Hi Mark, in the same position. I discovered Community First Credit Union has a National Seniors Credit Card and was successful. Still lots of hoops to go through but they're on our side. I was told they'd had quite a few "refugees" from M.E. bank to whom I've written a complaint at how badly they've handled this situation considering many long term M E. Credit Card users would now be retirees.

Jill Smith
July 21, 2025 4.53pm

Same, Mark. I had a credit card with a $35,000 limit with a bank where I could collect Emirates points. When they discontinued their relationship with Emirates, I decided there was no point in my continuing with their credit card. It didn't matter what liquid assets I had, along with an immaculate credit record, I was knocked back by several banks because I was not a salary earner. Eventually one of the banks advised me to get an Amex card as "maybe they weren't so stringent".

BEVAN CALLAGHAN
July 19, 2025 10.35am

Good article which demonstrates the archaic thinking behind the guidance rules for employees of our financial institutions. Marital relationships are a team effort. Both partners contribute and need to be treated as equal partners. As for risk, there is no additional risk with Jennette as should Alex pass away, she can draw a reversion pension from his part of their super. In short, there will just as much income after his death as before. Our financial institutions need to move forward from the Victorian era.

Mark Bones
July 19, 2025 8.35pm

Definitely sending this to my parents and everyone I know BEFORE they retire!

Graham Dyer
July 20, 2025 10.20am

We are still waiting on approval for a new credit card - one with no fees as our existing credit card has high fees and our 4 decade loyalty is not relevant with our current financial institution - ridiculous and our age group 'the boomers' are supposed to have all the assets/wealth according to the frequent comments from the generational commentators.

Michael Holroyd
July 21, 2025 1.53pm

I recently applied for a credit card with a well known bank I had an account with in the past. I was desperate for the frequent flyer points. I have been retired for 15 years with no debts, a government defined benefit super fund, another super pension capped due to the old 1.6 million limit and a healthy investment portfolio generating more taxable income than I ever earned in my working life.

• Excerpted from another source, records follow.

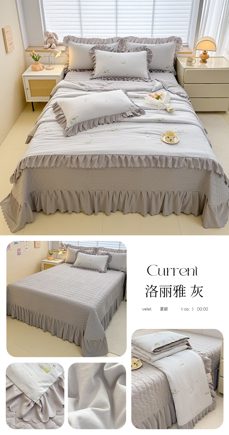 慕克斯 2025新款奶小棉韩版床盖款夏被四件套 洛丽雅-灰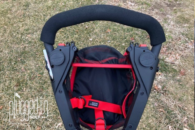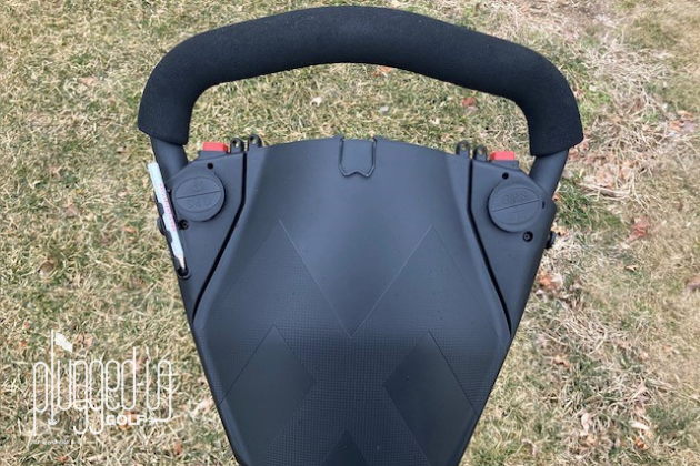That said, the middle console is large enough for almost anything. It’s unique as it can be used as a catch all basket or organized with divider pockets. The console lid uses heavy duty magnets to close shut and has a small clip both inside and outside for holding a scorecard. Adjacent to that are slots for pencils and tees and holes for Big Max IQ 360 attachments. There is certainly enough storage to get started, but I am already on my way to ordering more attachments.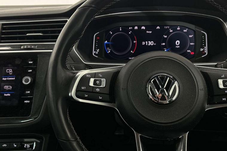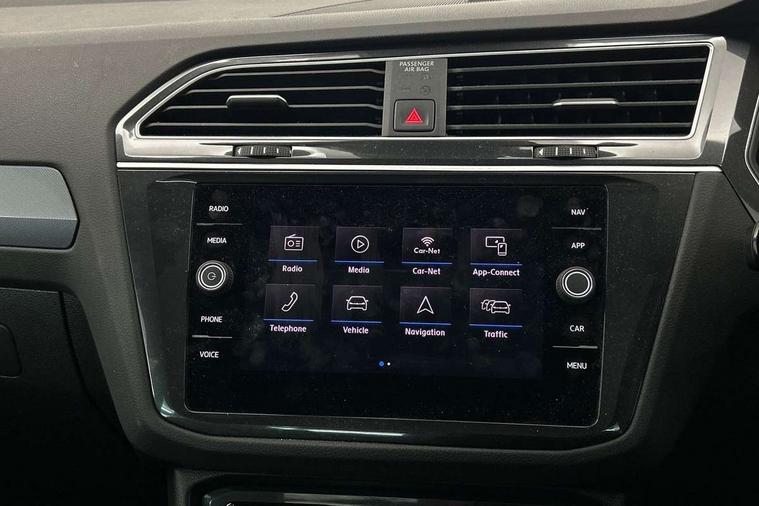 Chrome door trim inserts, Dark grey decorative inserts in dash and door panel, Piano black decorative inserts in centre console, Ambient lighting pack - Tiguan, Alarm with interior protection, Electronic engine immobiliser, Remote central locking with 2 remote folding keys, 2 x USB connection + USB charging socket, 4 X 20 watt output, DAB Digital radio, SD card slot, Simultaneous pairing of 2 compatible mobile devices, SMS functionality - read, compose and send SMS messages using touch-screen display, Title and cover art display, 3 rear 3 point seatbelts, ABS+EBD+Brake assist, Active bonnet, Active pedestrian safety system, Curtain airbags, Driver/Front Passenger airbags, Driver/Passenger whiplash optimised head restraints, Drivers knee airbag, DTC - Drag torque control, Electronic parking brake with auto hold, ESC with EDL, ASR, EDTC and trailer stabilisation function, First aid kit, Front seat side impact airbags, Front side airbags, Front ventilated disc brakes and rear disc brakes, Head airbag system, Height adjustable front 3 point seatbelts + pretensioners, Hill hold control, Passenger airbag deactivate switch, Passenger knee airbag, Pre crash preventive occupant protection, Rear side airbags, Rigid safety cell with front and rear crumple zones, Two tone horn, Warning sound and light for front seat belts if unfastened, Warning triangle, 3D effect cherry red LED rear tail lights, Auto dimming interior mirror, Automatic activation of hazard warning lights, Black grained lower door protectors with chrome inserts, Body colour door handles, Body colour door mirrors, Body coloured bumpers, Chrome side window surrounds, Chrome trimmed radiator grille, Coming/leaving home lighting function, Dusk sensor + auto driving lights, Electric panoramic sunroof with sunblind, Electrically heated and foldable door mirrors, door mirror puddle lights and reverse activated kerb view adjustment on passenger's door mirror, Front and rear electric windows, Heated rear window, High level 3rd brake light, LED headlights with dynamic light assist daytime running lights and cornering front fog lights, LED rear number plate lights, Piano black front air intake and rear diffuser, Rain sensor windscreen wipers, Rear tinted glass from B-pillar backwards approx 65% tinted, Rear windscreen washer and wiper with interval delay, Side door sills with chrome inserts, Silver front underbody protection and rear diffuser, Silver roof rails, Windscreen wipers/ intermittent wipe + 4 position delay, 12V socket in centre console storage area, 2 cup holders in front, 3 rear headrests, 3 zone climate control, 4 load lashing points, 40:20:40 split folding rear seats, Bag hook in luggage compartment, Driver and front passenger under seat drawer, Foldable front passenger seat backrest, Front + rear carpet mats, Front centre armrest with 12v socket, Front centre armrest with storage + rear 2 air vents, Front seat back storage pockets, Front seatback folding tables, Height/reach adjust steering wheel, Illuminated driver/passenger vanity mirrors, Illuminated scuff plates, Instrument lighting white adjustable panel illumination, Interior light with delay, Isofix Preparation 2 Rear child seats, Leather gear knob, Load through provision with 2 cupholders when folded, Lockable cooled glovebox, Luggage compartment lighting, Map pockets on front seats, Passenger seat height adjuster, Removable luggage cover, Sliding/reclining rear seats, Storage compartment in driver's door, Storage compartment in passenger's door, Storage compartment in rear doors, Storage compartments in luggage area left and right, Storage tray on dashboard, Sunglasses storage, Variable boot floor, height adjustable and removable, App-Connect, 2D/3D map view, Active information display, Adaptive cruise control, Bluetooth phone integration system, Car information display, Distance control assist, Driver profile selection, Front assist, radar sensor controlled distance monitor, city emergency braking + predictive pedestrian protection, Instrument cluster, Lane assist, Lights on warning, Multifunction computer with visual gear change recommendation for fuel consumption, Outside temperature display, Service interval indicator, Speed limiter, Start/Stop function, Warning sound and light for doors and tailgate open, Battery regeneration during braking, XDS electronic differential lock for improved traction and handling,

According to the criteria I needed to have a minimum of $35,000 income for the card which I had many times over.

I had a number of discussions with the local bank and suggested that I was being discriminated against despite having adequate financial backing.

Eventually it was approved but retirees are being very badly treated by banks as their incomes are much more secure than many of these high fliers getting made bankrupt for tremendous debts.

Victor Green
August 11, 2025 5.22pm

There is a very simple answer to this nonsense around credit cards for retirees, do what has been mandated in other countries - bring in 'secured' credit cards here. The applicant puts a security deposit, usually $10000 to $20000 with the bank the application is with. That deposit is kept by the lender for a period of 12 to 24 months as security for any defaults. After that period of time, if the credit card has been used correctly, the security deposit is released & the credit card becomes a normal unsecured card. ANZ do this for customers in Singapore & other countries but cannot do it here because of our backward thinking governments, who cannot see beyond the payslip.

We are self funded retirees with a credit score of 1084 - absolutely meaningless to the banks who's thinking is "duh! You don't have any payslips".

My wife, secondary cardholder, should also be allowed to take over the account after my departure from this life.